Output the listing below exactly, minus its images.

[Information supplied]:
== == ==

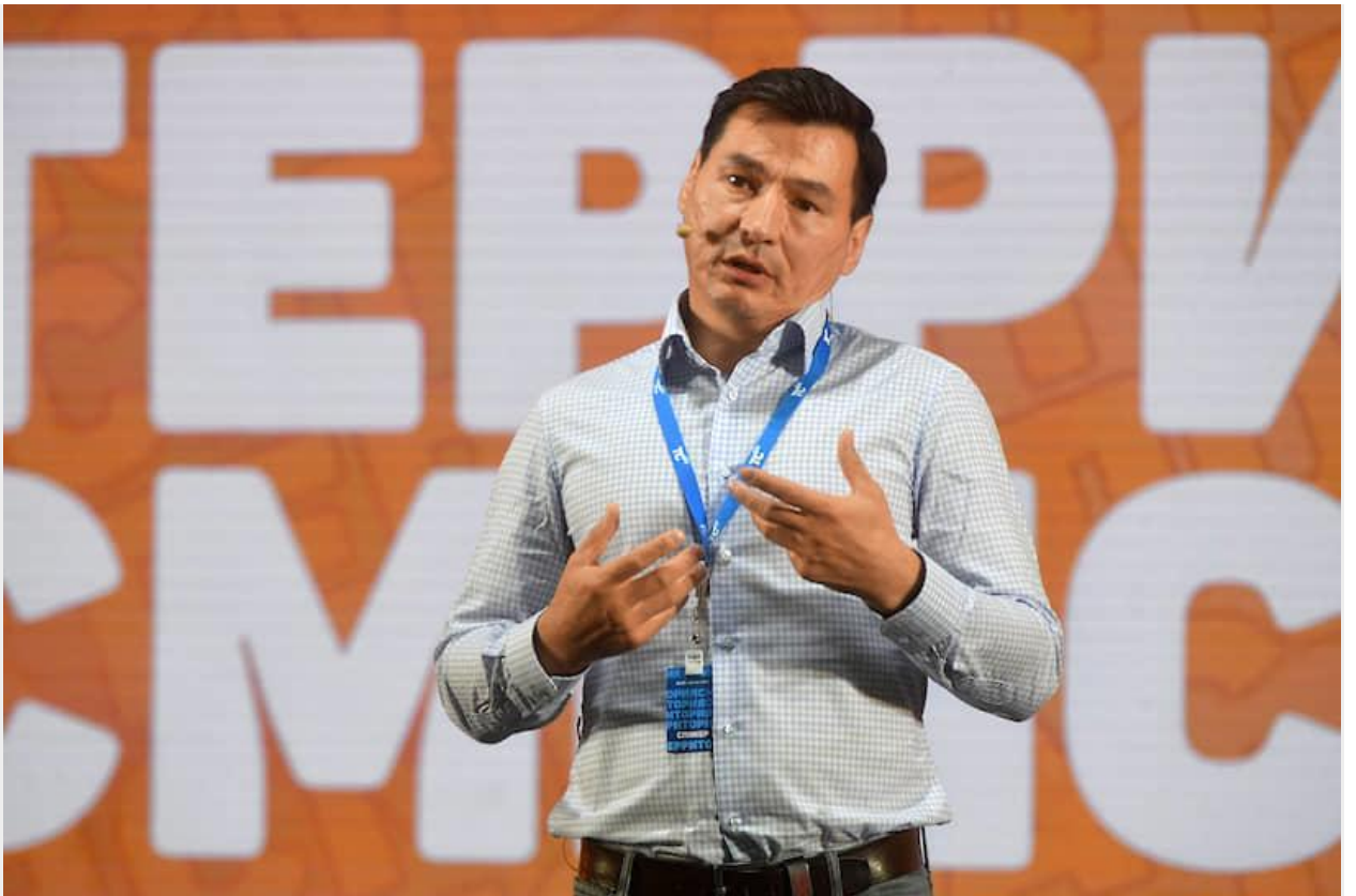
Глава Калмыкии Бату Хасиков
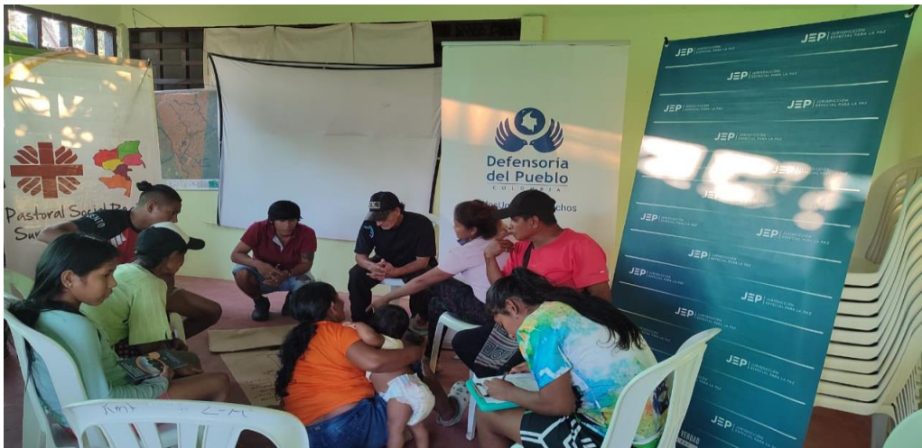
Talleres En Justicia Propia y Justicia Restaurativa
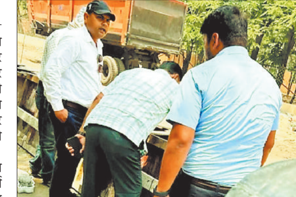
निरीक्षण करते निगम के अधिकारी।

टोपी नगर क्षेत्र में यातायात की समस्या को देखते हुए स्टेडियम से लेकर सीएसईबी चौराहा वाले मुख्य मार्ग पर रोड डिवाइडर की व्यवस्था कराई जा रही है। इसके साथ ही आसपास में सड़क को घेर कर रखे गए कबाड़नुमा वाहनों और अन्य अवरोधक को हटाने की कार्यवाही की जा रही है।

== == ==

[Output]:
Глава Калмыкии Бату Хасиков
Talleres En Justicia Propia y Justicia Restaurativa
निरीक्षण करते निगम के अधिकारी।

टोपी नगर क्षेत्र में यातायात की समस्या को देखते हुए स्टेडियम से लेकर सीएसईबी चौराहा वाले मुख्य मार्ग पर रोड डिवाइडर की व्यवस्था कराई जा रही है। इसके साथ ही आसपास में सड़क को घेर कर रखे गए कबाड़नुमा वाहनों और अन्य अवरोधक को हटाने की कार्यवाही की जा रही है।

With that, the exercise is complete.